■ Collected material:
------------------------------------------------------------------------

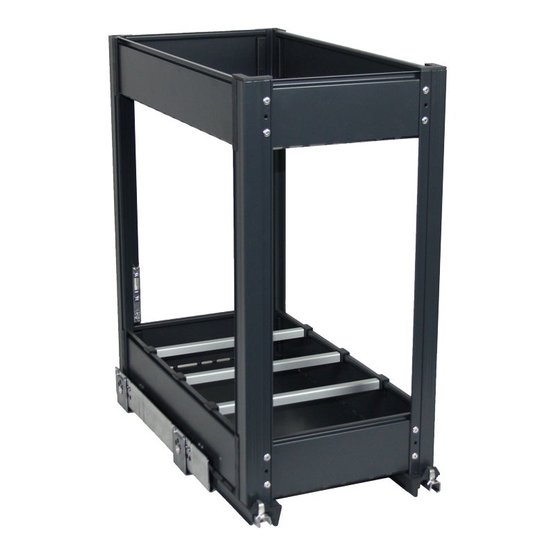 Montant aluminium décor artgent. Paniers acier recouvert époxy gris. Coulisses sortie totale sur amortisseur. Attaches façade à réglage 3 directions. Hauteur : 518 mm Profondeur : 480 mm Charge : 30 kg Décor : Argent / GrisLargeur (mm) : 359 Sortie : TotaleFixation : Au solNombre de niveaux : 2 Pour caisson de largeur (mm) : 400
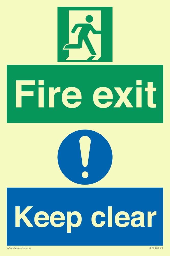 Fire Exit Keep Clear dual safety sign: running man facing right and exclamation in blue circle
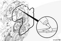 使用康明斯ISX15 CM2250發動機提升設備將齒輪室蓋安裝到下部三個雙頭螺柱上。

------------------------------------------------------------------------

■ Task objective: Write the listing above out again word for word, excluding all images.

■ Response:
 Montant aluminium décor artgent. Paniers acier recouvert époxy gris. Coulisses sortie totale sur amortisseur. Attaches façade à réglage 3 directions. Hauteur : 518 mm Profondeur : 480 mm Charge : 30 kg Décor : Argent / GrisLargeur (mm) : 359 Sortie : TotaleFixation : Au solNombre de niveaux : 2 Pour caisson de largeur (mm) : 400
 Fire Exit Keep Clear dual safety sign: running man facing right and exclamation in blue circle
 使用康明斯ISX15 CM2250發動機提升設備將齒輪室蓋安裝到下部三個雙頭螺柱上。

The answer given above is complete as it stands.